§ Directions for this task
The reply should be the records repeated exactly, without any images.

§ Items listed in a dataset
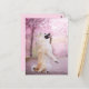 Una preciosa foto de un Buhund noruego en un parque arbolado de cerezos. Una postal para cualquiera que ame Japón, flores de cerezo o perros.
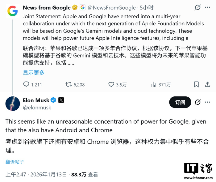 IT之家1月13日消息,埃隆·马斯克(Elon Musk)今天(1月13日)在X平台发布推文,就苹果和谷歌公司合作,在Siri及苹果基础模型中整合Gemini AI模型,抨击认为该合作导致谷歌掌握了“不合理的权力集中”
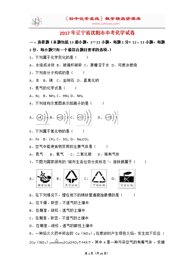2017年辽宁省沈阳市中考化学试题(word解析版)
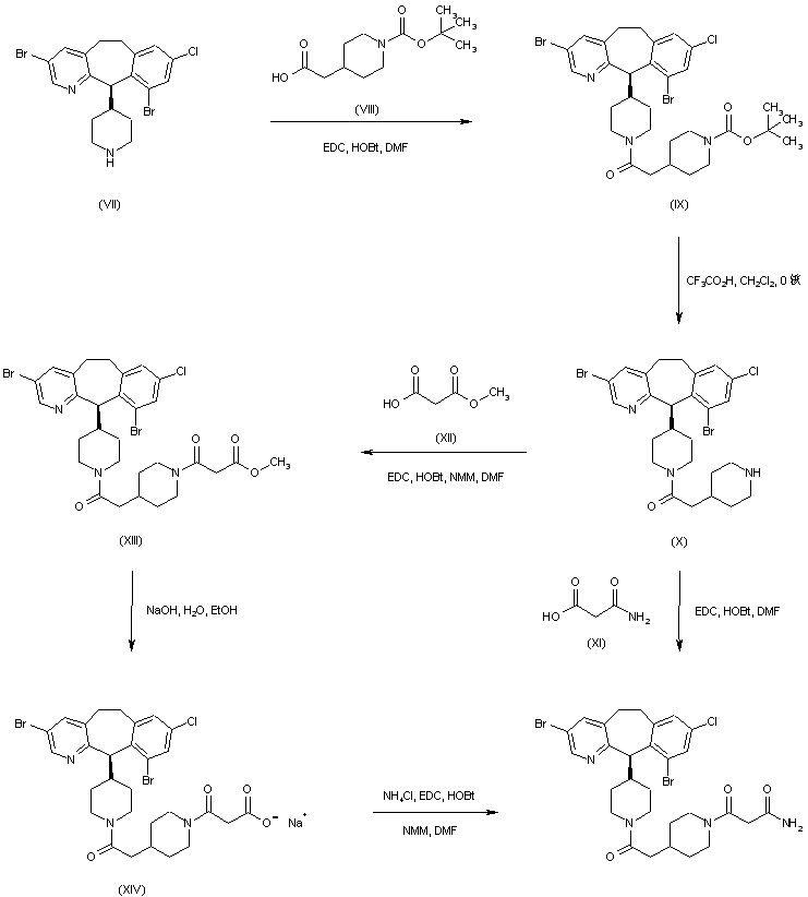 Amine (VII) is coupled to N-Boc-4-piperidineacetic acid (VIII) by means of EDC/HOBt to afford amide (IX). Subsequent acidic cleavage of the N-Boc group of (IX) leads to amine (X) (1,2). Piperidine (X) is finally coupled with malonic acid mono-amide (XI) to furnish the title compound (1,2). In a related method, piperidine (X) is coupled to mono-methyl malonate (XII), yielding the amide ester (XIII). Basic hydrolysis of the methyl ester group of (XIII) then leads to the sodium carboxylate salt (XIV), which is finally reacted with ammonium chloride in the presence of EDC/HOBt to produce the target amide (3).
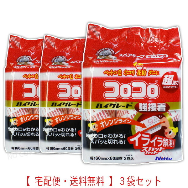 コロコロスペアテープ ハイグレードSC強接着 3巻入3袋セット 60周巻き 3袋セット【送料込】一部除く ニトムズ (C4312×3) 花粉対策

§ Task output
 Una preciosa foto de un Buhund noruego en un parque arbolado de cerezos. Una postal para cualquiera que ame Japón, flores de cerezo o perros.
 IT之家1月13日消息,埃隆·马斯克(Elon Musk)今天(1月13日)在X平台发布推文,就苹果和谷歌公司合作,在Siri及苹果基础模型中整合Gemini AI模型,抨击认为该合作导致谷歌掌握了“不合理的权力集中”
2017年辽宁省沈阳市中考化学试题(word解析版)
 Amine (VII) is coupled to N-Boc-4-piperidineacetic acid (VIII) by means of EDC/HOBt to afford amide (IX). Subsequent acidic cleavage of the N-Boc group of (IX) leads to amine (X) (1,2). Piperidine (X) is finally coupled with malonic acid mono-amide (XI) to furnish the title compound (1,2). In a related method, piperidine (X) is coupled to mono-methyl malonate (XII), yielding the amide ester (XIII). Basic hydrolysis of the methyl ester group of (XIII) then leads to the sodium carboxylate salt (XIV), which is finally reacted with ammonium chloride in the presence of EDC/HOBt to produce the target amide (3).
 コロコロスペアテープ ハイグレードSC強接着 3巻入3袋セット 60周巻き 3袋セット【送料込】一部除く ニトムズ (C4312×3) 花粉対策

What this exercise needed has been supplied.